### PROBLEM DETAILS
Reproduce the listing word for word. Skip any image.

### MATERIAL PROVIDED
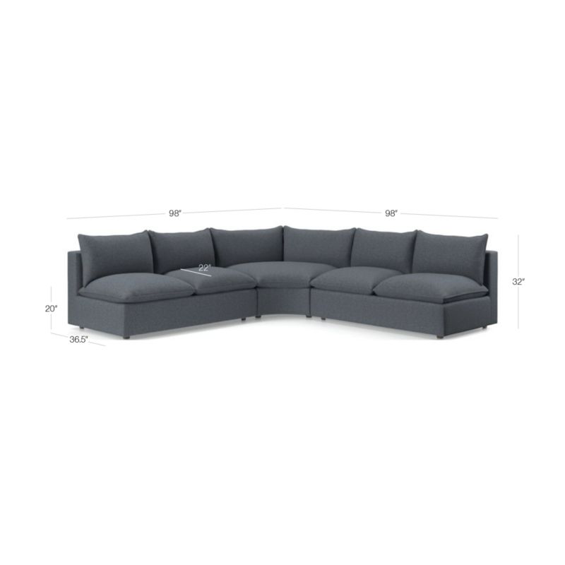 Lotus Modular 3-Piece L-Shaped Wedge Armless Sectional Sofa34height98width98depthMeasurements are in inches.
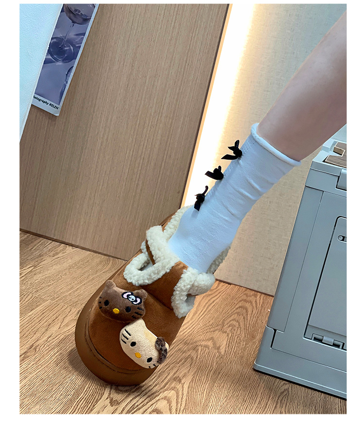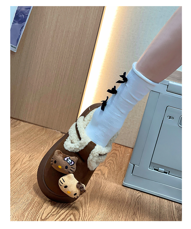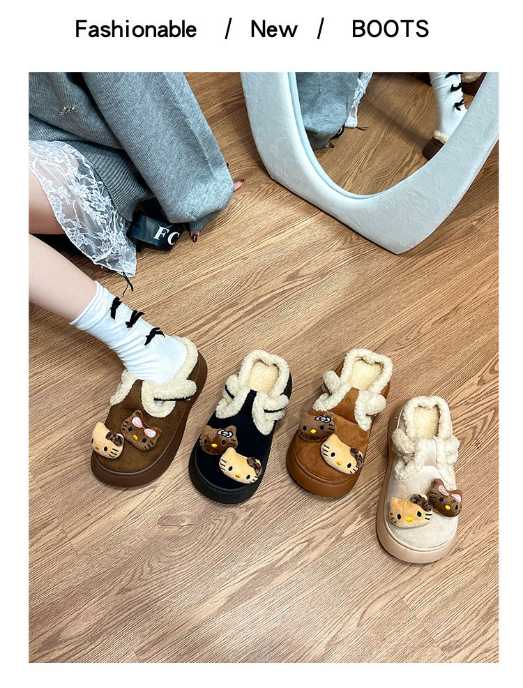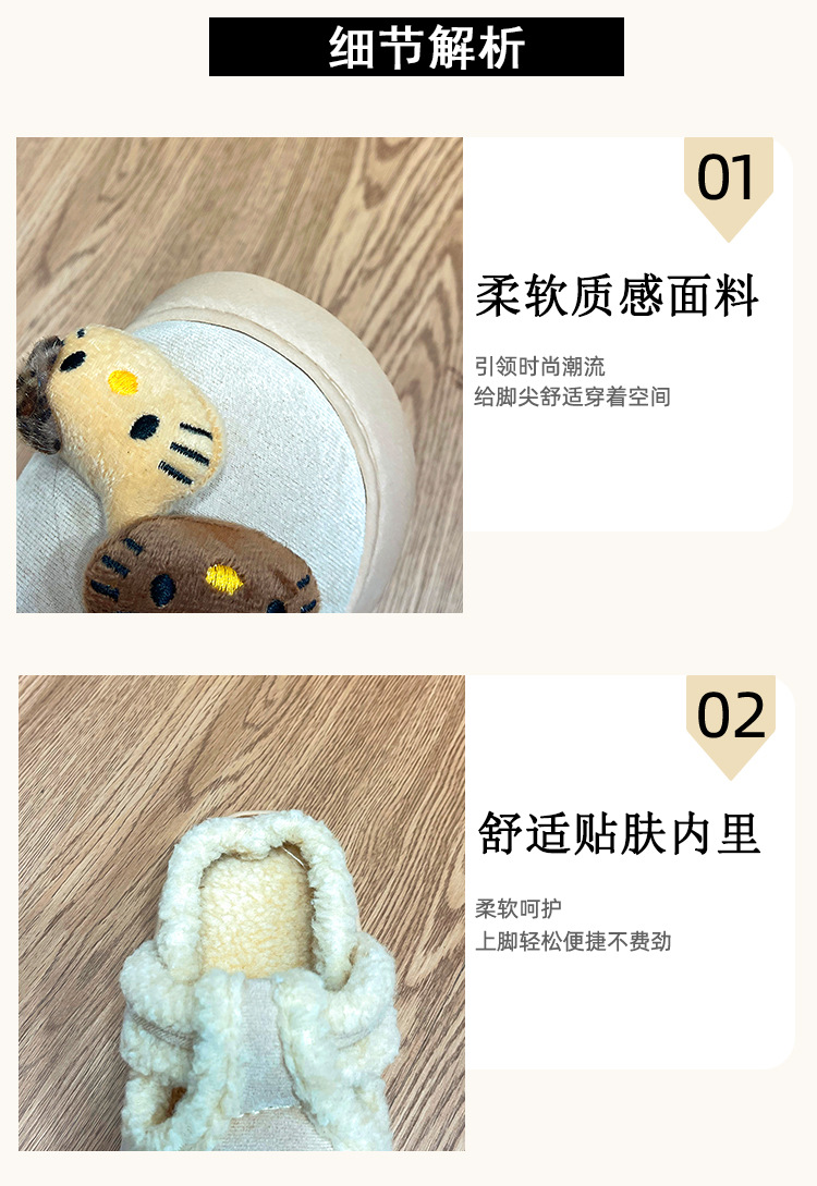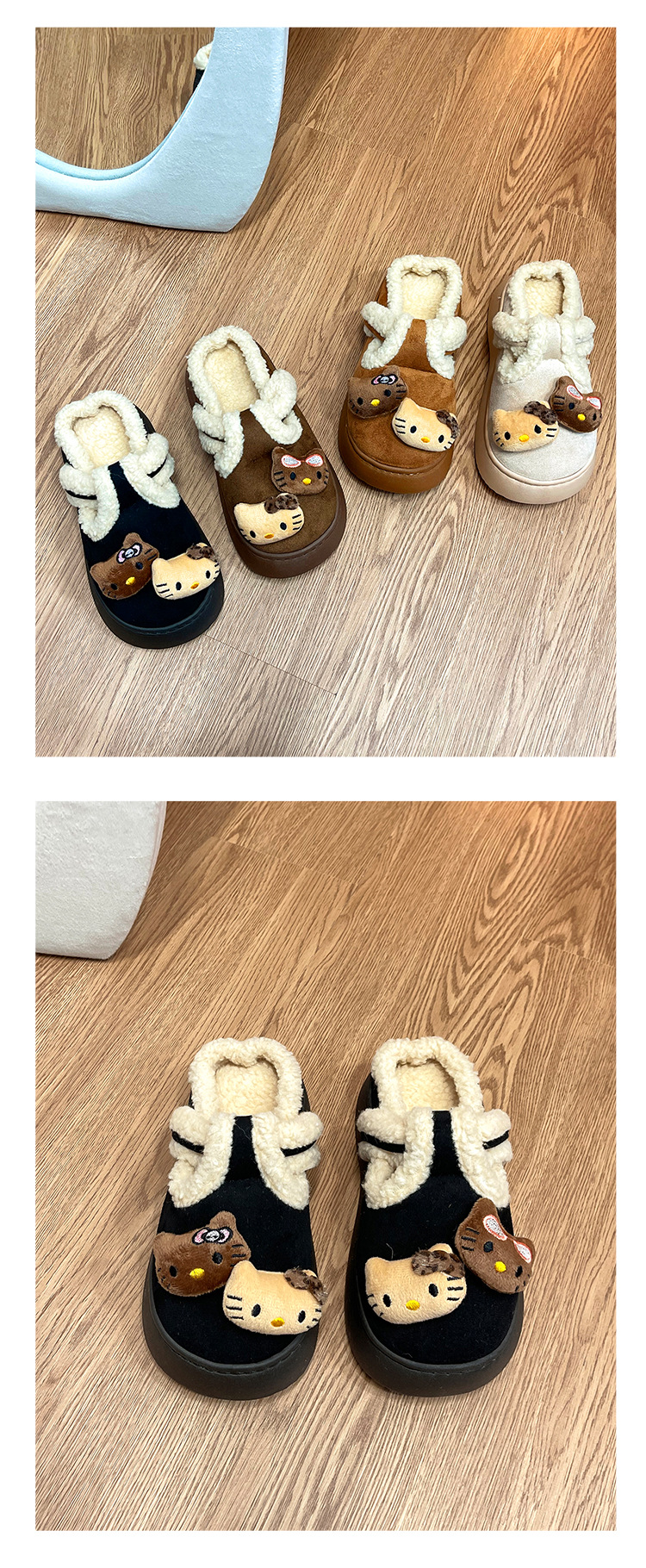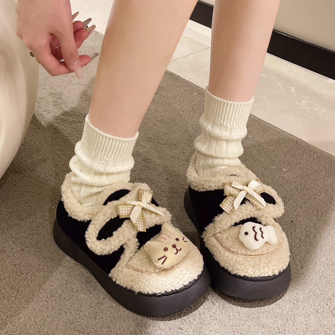 起爆金とベルベットが厚くて暖かいマジック雪地靴2024冬かわいい子猫アニメ小魚綿靴
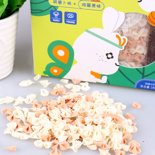 優(yōu)貝兔小蔬菜蝴蝶面精選天然優(yōu)質(zhì)小麥粉為主要原料,科學(xué)配比成長所需的多種營養(yǎng)元素,添加不同的鮮榨果蔬汁,采用獨特的蒸面技術(shù)工藝制作而成,精心設(shè)計成蝴蝶樣式,更能增加食欲,有胡蘿卜味+紫薯味、胡蘿卜味+雞蛋原味、雞蛋原味+菠菜味、雞蛋原味+菠菜味+胡蘿卜味四種不同口味單品,優(yōu)質(zhì)健康,營養(yǎng)豐富,呵護(hù)健康!

### RESULT FOR THIS TASK
 Lotus Modular 3-Piece L-Shaped Wedge Armless Sectional Sofa34height98width98depthMeasurements are in inches.
 起爆金とベルベットが厚くて暖かいマジック雪地靴2024冬かわいい子猫アニメ小魚綿靴
 優(yōu)貝兔小蔬菜蝴蝶面精選天然優(yōu)質(zhì)小麥粉為主要原料,科學(xué)配比成長所需的多種營養(yǎng)元素,添加不同的鮮榨果蔬汁,采用獨特的蒸面技術(shù)工藝制作而成,精心設(shè)計成蝴蝶樣式,更能增加食欲,有胡蘿卜味+紫薯味、胡蘿卜味+雞蛋原味、雞蛋原味+菠菜味、雞蛋原味+菠菜味+胡蘿卜味四種不同口味單品,優(yōu)質(zhì)健康,營養(yǎng)豐富,呵護(hù)健康!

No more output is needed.